> [Directions] Only the lines below from the one that contains "Caroubis uzun kollu" through the one that contains "في هذا التقليد،" should appear in your answer, exact and without pictures.

> [Excerpted records]
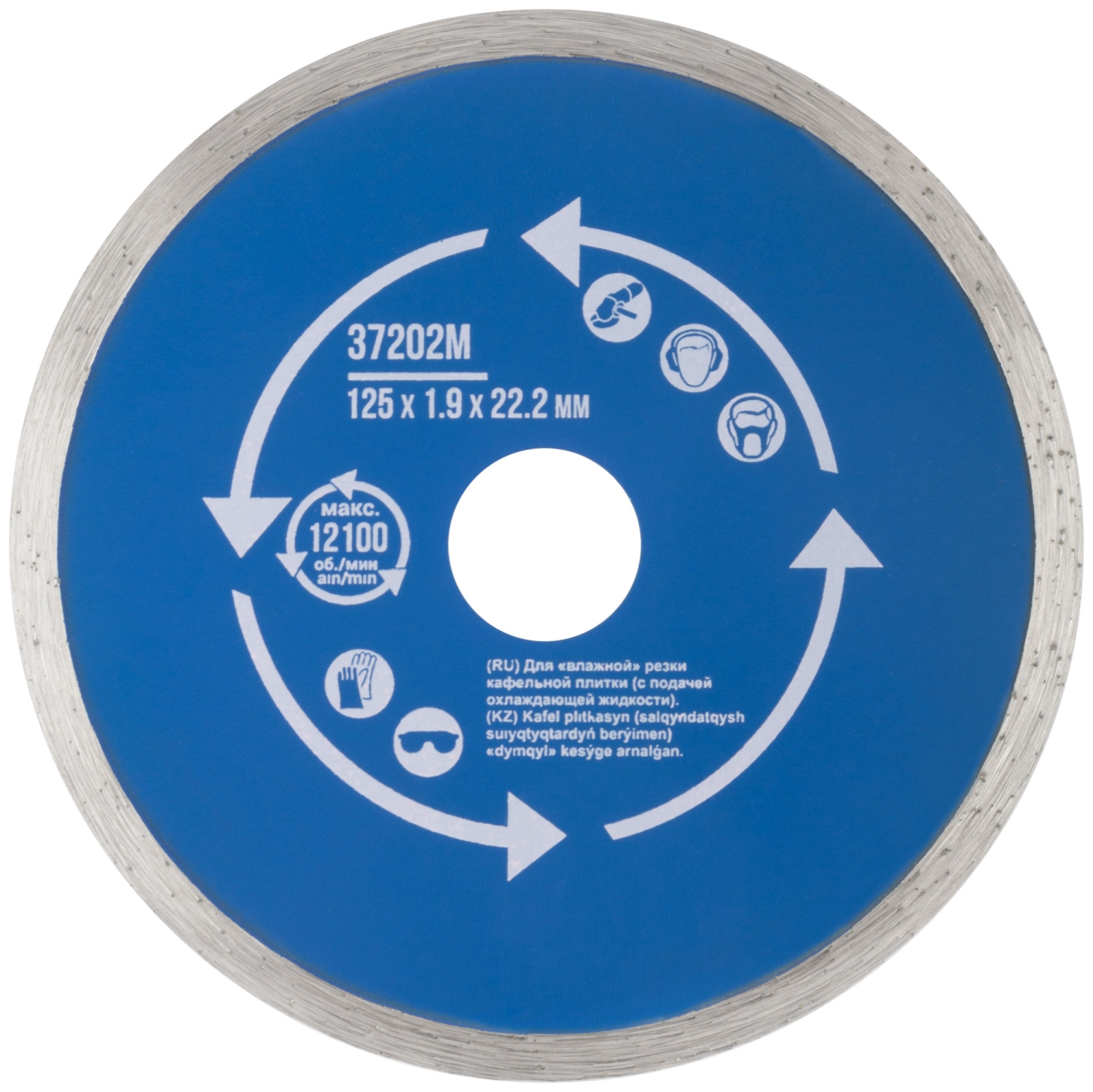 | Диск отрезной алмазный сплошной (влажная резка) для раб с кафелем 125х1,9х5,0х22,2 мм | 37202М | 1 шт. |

...

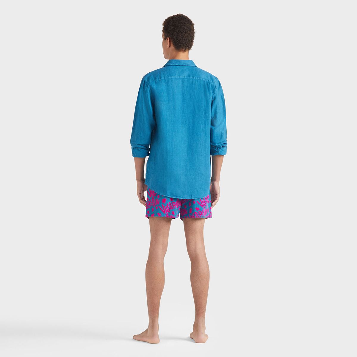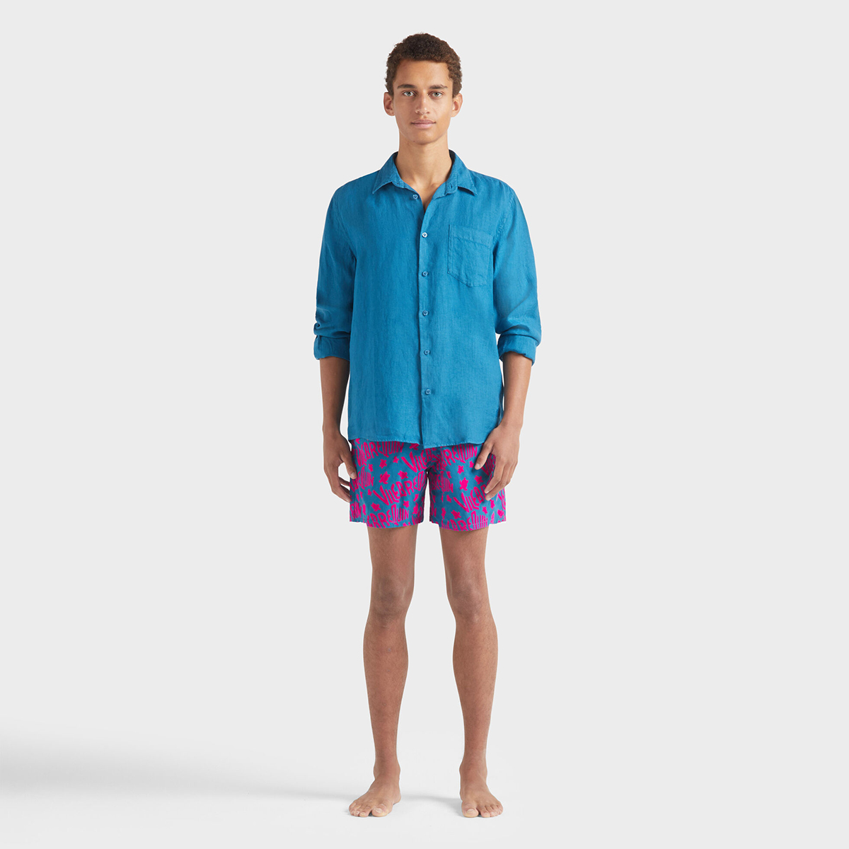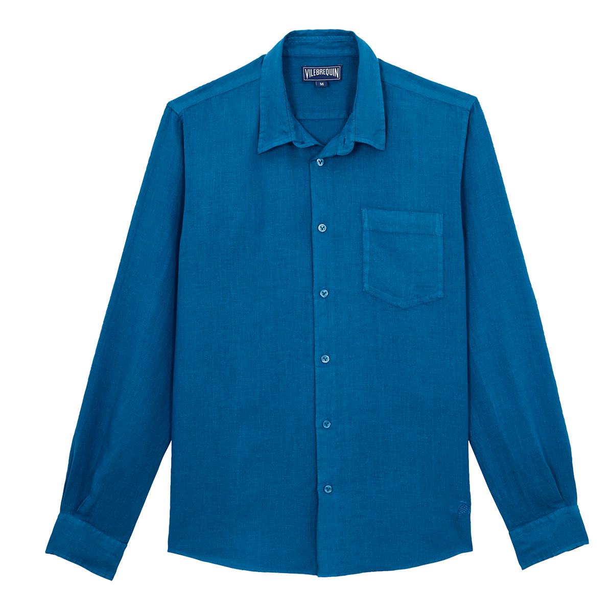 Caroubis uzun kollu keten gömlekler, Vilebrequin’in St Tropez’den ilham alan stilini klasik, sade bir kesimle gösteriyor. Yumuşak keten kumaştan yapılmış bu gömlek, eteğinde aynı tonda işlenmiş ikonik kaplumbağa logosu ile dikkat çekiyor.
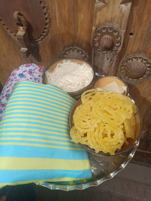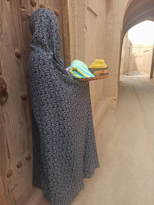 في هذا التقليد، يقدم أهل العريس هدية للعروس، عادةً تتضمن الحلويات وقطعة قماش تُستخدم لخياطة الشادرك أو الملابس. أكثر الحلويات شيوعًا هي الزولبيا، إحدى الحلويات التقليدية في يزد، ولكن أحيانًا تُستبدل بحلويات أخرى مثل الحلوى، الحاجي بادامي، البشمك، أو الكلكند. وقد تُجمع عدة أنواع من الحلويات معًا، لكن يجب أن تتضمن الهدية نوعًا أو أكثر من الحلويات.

---

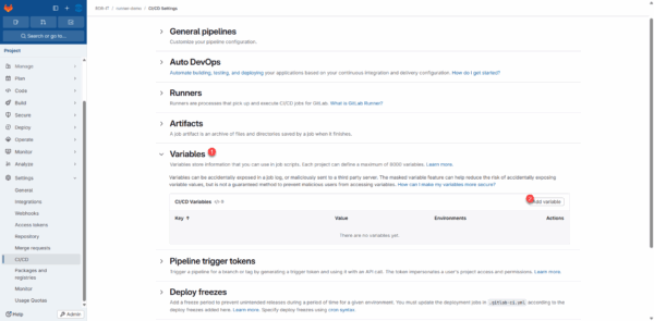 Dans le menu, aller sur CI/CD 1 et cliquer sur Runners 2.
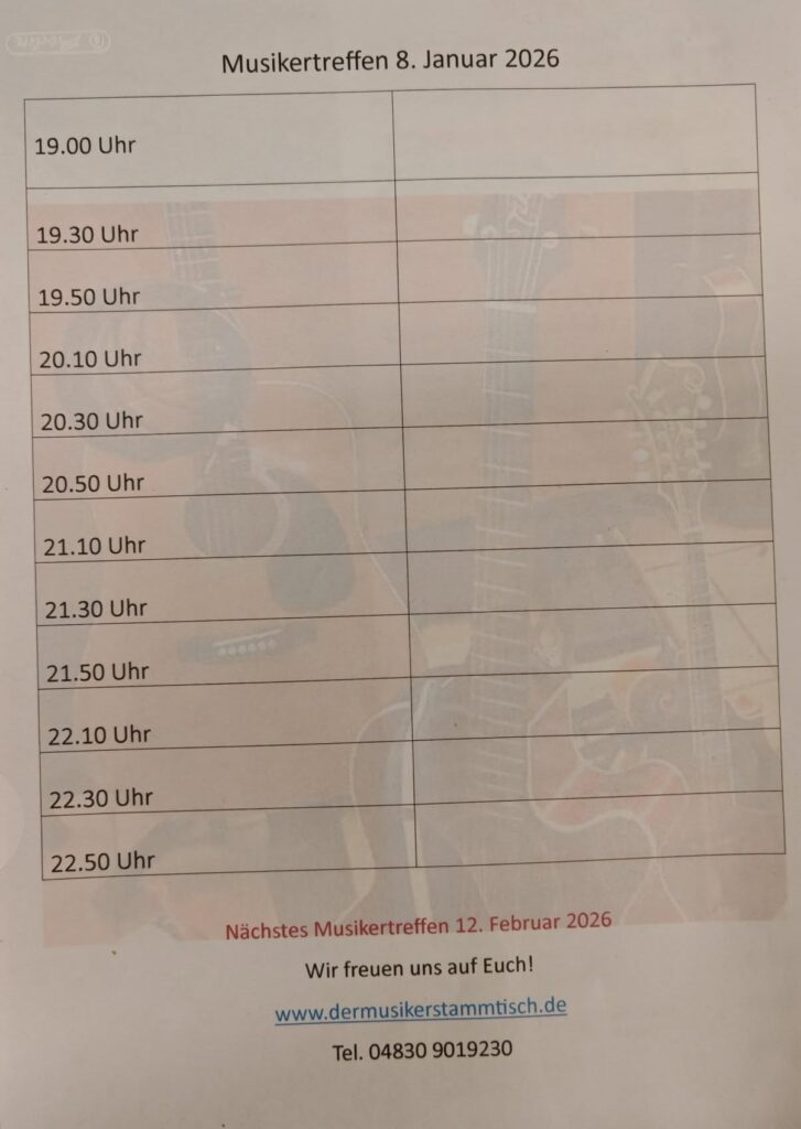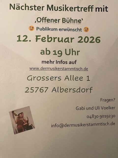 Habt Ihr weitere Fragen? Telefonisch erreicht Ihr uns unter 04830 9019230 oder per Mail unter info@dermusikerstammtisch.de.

> [Output]
 Caroubis uzun kollu keten gömlekler, Vilebrequin’in St Tropez’den ilham alan stilini klasik, sade bir kesimle gösteriyor. Yumuşak keten kumaştan yapılmış bu gömlek, eteğinde aynı tonda işlenmiş ikonik kaplumbağa logosu ile dikkat çekiyor.
 في هذا التقليد، يقدم أهل العريس هدية للعروس، عادةً تتضمن الحلويات وقطعة قماش تُستخدم لخياطة الشادرك أو الملابس. أكثر الحلويات شيوعًا هي الزولبيا، إحدى الحلويات التقليدية في يزد، ولكن أحيانًا تُستبدل بحلويات أخرى مثل الحلوى، الحاجي بادامي، البشمك، أو الكلكند. وقد تُجمع عدة أنواع من الحلويات معًا، لكن يجب أن تتضمن الهدية نوعًا أو أكثر من الحلويات.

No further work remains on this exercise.